Why is Cuesta Morua Right?

Haroldo Dilla Alfonso

Manuel Cuesta Morúa
Manuel Cuesta Morúa

HAVANA  TIMES – A few days ago, a group of five Cuban opposition activists appeared before the United States Senate Committee on Foreign Relations to express their points of view regarding the normalization of relations between Cuba and the United States.

Three of them criticized the reestablishment of diplomatic relations, maintaining that it makes life easier for the Cuban government and that the United States should have forced the government to make political concessions and talked with the opposition before taking this step. Two of them, on the other hand, considered it a positive step that creates a better atmosphere for the only effective means of demanding changes from the government: by mobilizing Cuban public opinion.

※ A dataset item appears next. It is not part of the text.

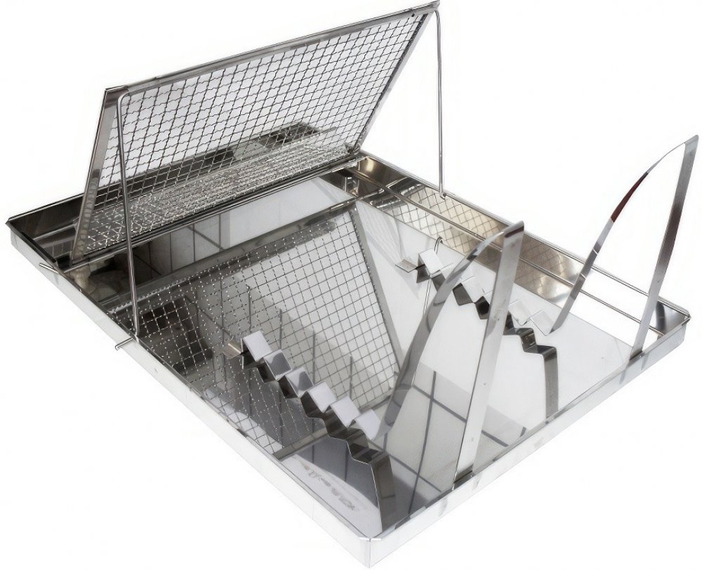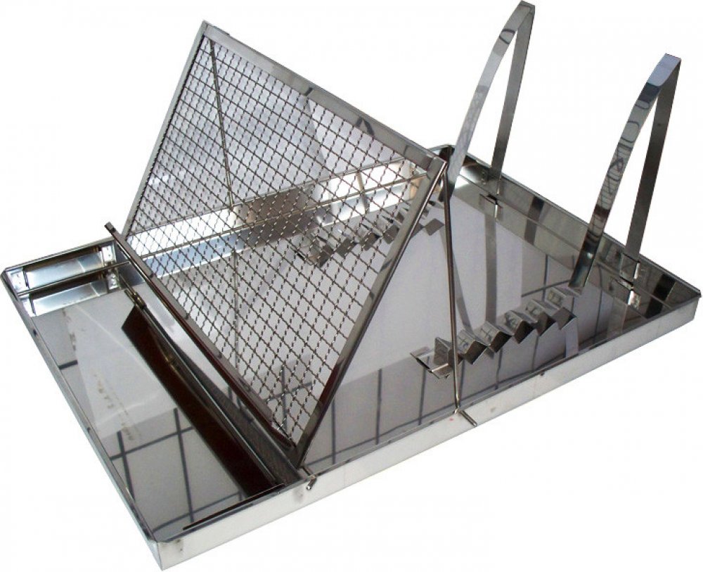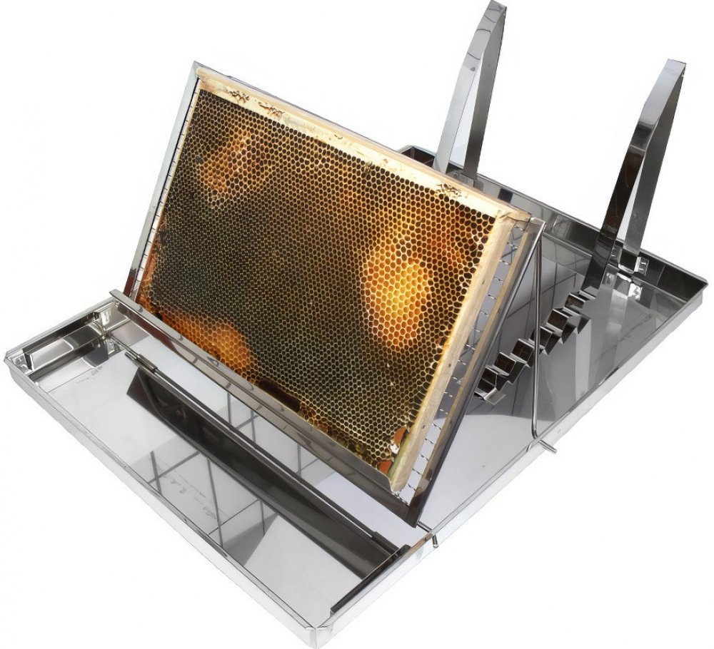 Odvíčkovací talíř nerezový - velký. Nerezový odvíčkovací talíř s možností odkládání plástů je nesmírně šikovná a praktická pomůcka, která vám výrazně usnadní a zefektivní celý proces odvíčkování. Tento kvalitní nástroj je navržen s ohledem na potřeby včelařů všech úrovní zkušeností. Odvíčkovací talíř představuje promyšleně zkonstruovanou obdélníkovou nádobu vyrobenou z vysoce odolného nerezového plechu, která je vybavena stabilním stojánkem a speciální mřížkou, jež slouží k pohodlnému položení zavíčkovaného plástu určeného k odvíčkování a následnému vytočení lahodného medu. Významnou předností tohoto velkého nerezového talíře je jeho unikátní konstrukce, která nabízí velmi užitečnou možnost odkládání již zpracovaných plástů, což výrazně zvyšuje efektivitu vaší práce při vytáčení medu.rozměr talíře: 690 mm x 500 mm,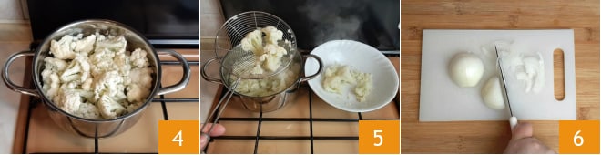 Coloque uma panela cheia de água no fogo e, assim que ferver, mergulhe os floretes de couve-flor 4, cozinhando-os por cerca de 10 minutos; a consistência deve permanecer um pouco al dente, pois será salteado na panela e depois cozido no forno. Escorra a couve-flor em uma tigela e reserve 5. Limpe a cebola e fatie finamente 6.

This difference of opinions is not surprising. In fact, one could have easily anticipated it the moment the issue of bilateral relations began to be addressed by the Obama administration and activists and intellectuals began to assume a position regarding that. I fear, however, that most activists from the opposition, both in Cuba and abroad, coincide in their condemnation of the move – and I believe this is so because of two, persistent mistakes.

The first is the idea that the opposition is a decisive factor in Cuban reality, an idea that has been encouraged by the way in which the significance of some opposition figures has been blown completely out of proportion. This exaggerated sense of self-importance has led the opposition to conclude that the US government should have consulted with them and made them part of the process, and that such an omission constitutes a weak-point of the negotiations which some have gone as far as to call a betrayal.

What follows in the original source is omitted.